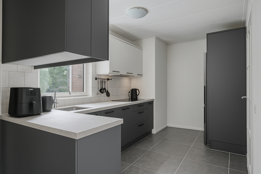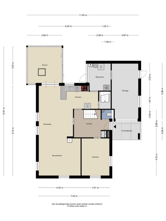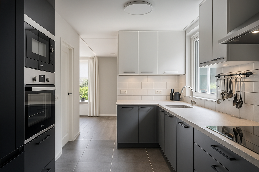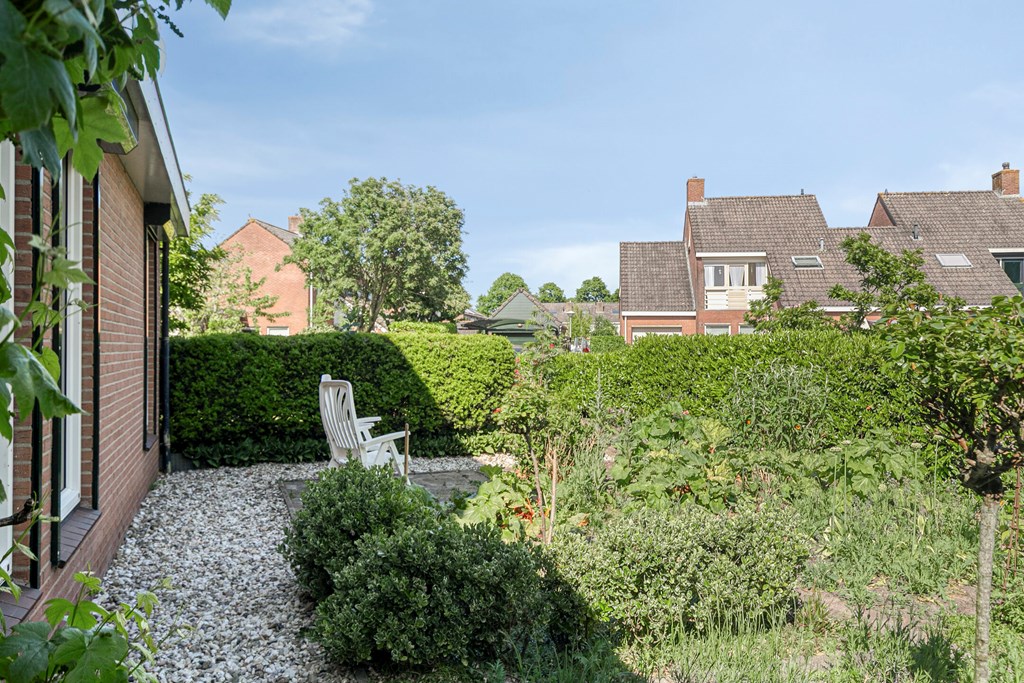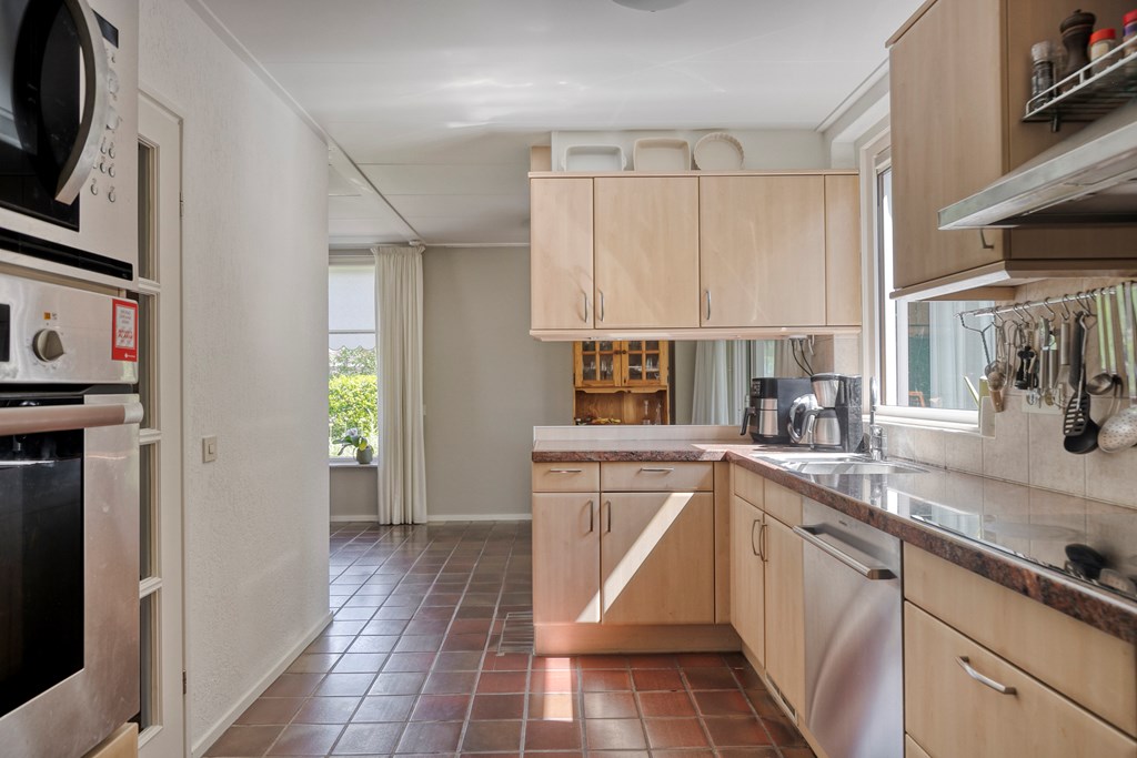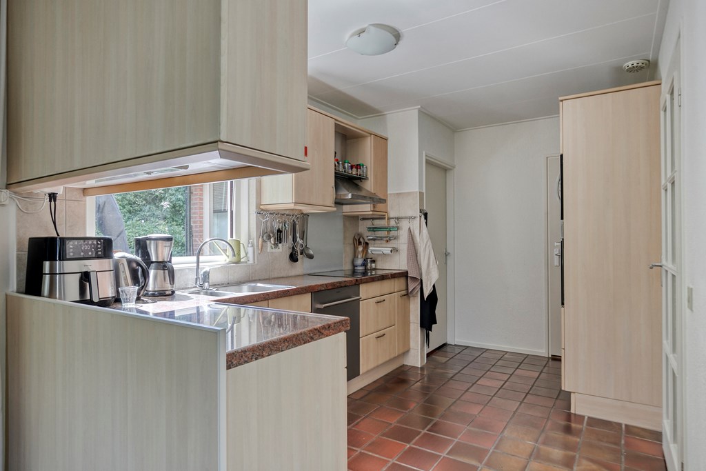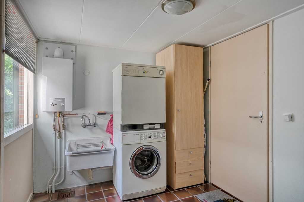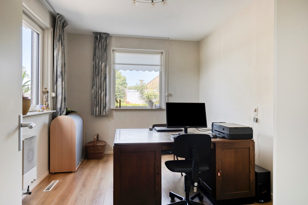 Bij binnenkomst komt u in de ruime hal met meterkast, toilet, trapopgang en een slaapkamer op de begane grond, die momenteel als kantoor wordt gebruikt. De lichte woonkamer met serre nodigt uit tot ontspannen avonden en heeft via een schuifpui direct toegang tot de tuin. De keuken is praktisch en compleet ingericht met diverse inbouwapparatuur, waaronder een inductiekookplaat, oven, magnetron, vaatwasser en close-in boiler. Vanuit de keuken bereikt u de kelder en de bijkeuken. Hier vindt u de koelkast, een extra wasbak, ruimte voor de was-droogopstelling en toegang tot zowel de tuin als de inpandige garage.
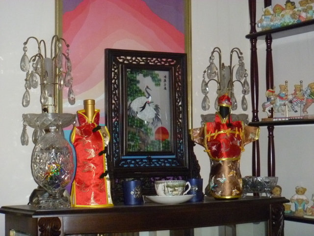 I have a coworker that gives me a delightful bottle of wine every year for the holidays. Since she learned that I am unable to drink most reds (they cause massive migraines), she’s resorted to the whites and the blushes. She also makes sure they come in very cute wine covers. The female kimono on the left was one year, the male on the right (with hat and pony tail) was the next. (Have no fear, the wine is swapped out regularly!) The silk artwork between was a gift from a group of Chinese students, and the teacup in the middle? Well, of course, that’s for when I have to have a spot of tea (which is, invariably, almost every evening).
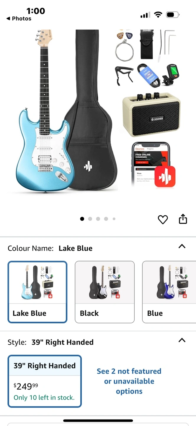 Looking to start playing the electric guitar? This Donner beginner kit is perfect! It's a 39-inch right-handed guitar in a beautiful Lake Blue colour. This all-in-one kit includes everything you need to get started, including a portable mini amp, headphones, a guitar bag, and more! Originally bought for $249.99.
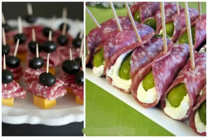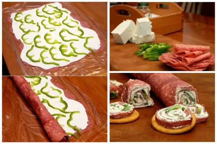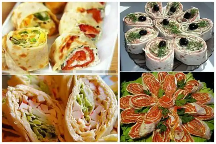 Нет лаваша? Ну не беда. Колбаска кружочками, мягкий сыр и зубочистка (шпажка) - красота!
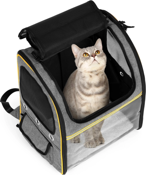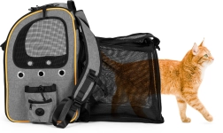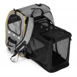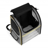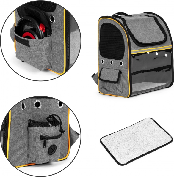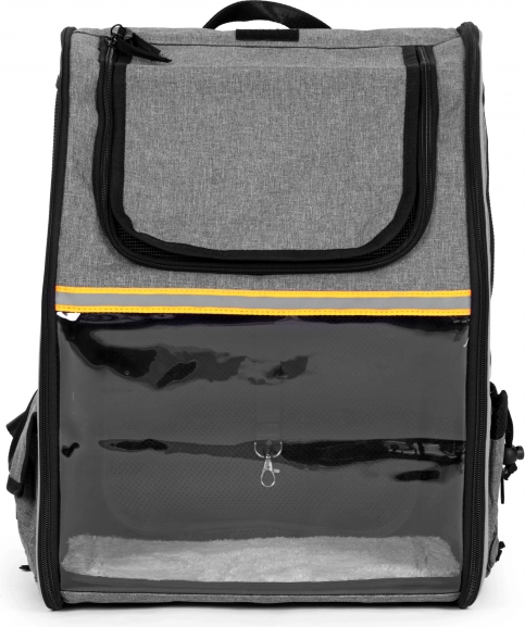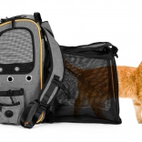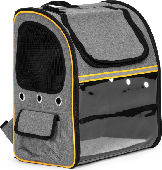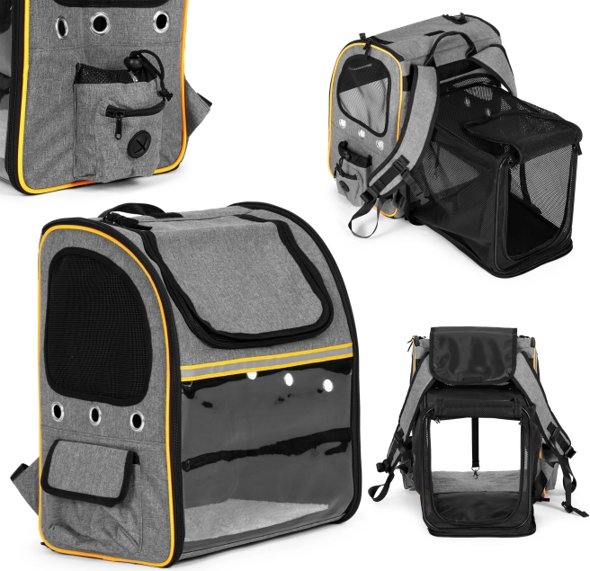Prozorno “steklo” žival pomirja z pogledom navzven, medtem ko mrežasti paneli in prezračevalne odprtine zagotavljajo stalen dotok zraka in udobje na poti.

> Exercise details
Would you please repeat all the data word for word, but without the pictures?

> Exercise solution
 Bij binnenkomst komt u in de ruime hal met meterkast, toilet, trapopgang en een slaapkamer op de begane grond, die momenteel als kantoor wordt gebruikt. De lichte woonkamer met serre nodigt uit tot ontspannen avonden en heeft via een schuifpui direct toegang tot de tuin. De keuken is praktisch en compleet ingericht met diverse inbouwapparatuur, waaronder een inductiekookplaat, oven, magnetron, vaatwasser en close-in boiler. Vanuit de keuken bereikt u de kelder en de bijkeuken. Hier vindt u de koelkast, een extra wasbak, ruimte voor de was-droogopstelling en toegang tot zowel de tuin als de inpandige garage.
 I have a coworker that gives me a delightful bottle of wine every year for the holidays. Since she learned that I am unable to drink most reds (they cause massive migraines), she’s resorted to the whites and the blushes. She also makes sure they come in very cute wine covers. The female kimono on the left was one year, the male on the right (with hat and pony tail) was the next. (Have no fear, the wine is swapped out regularly!) The silk artwork between was a gift from a group of Chinese students, and the teacup in the middle? Well, of course, that’s for when I have to have a spot of tea (which is, invariably, almost every evening).
 Looking to start playing the electric guitar? This Donner beginner kit is perfect! It's a 39-inch right-handed guitar in a beautiful Lake Blue colour. This all-in-one kit includes everything you need to get started, including a portable mini amp, headphones, a guitar bag, and more! Originally bought for $249.99.
 Нет лаваша? Ну не беда. Колбаска кружочками, мягкий сыр и зубочистка (шпажка) - красота!
Prozorno “steklo” žival pomirja z pogledom navzven, medtem ko mrežasti paneli in prezračevalne odprtine zagotavljajo stalen dotok zraka in udobje na poti.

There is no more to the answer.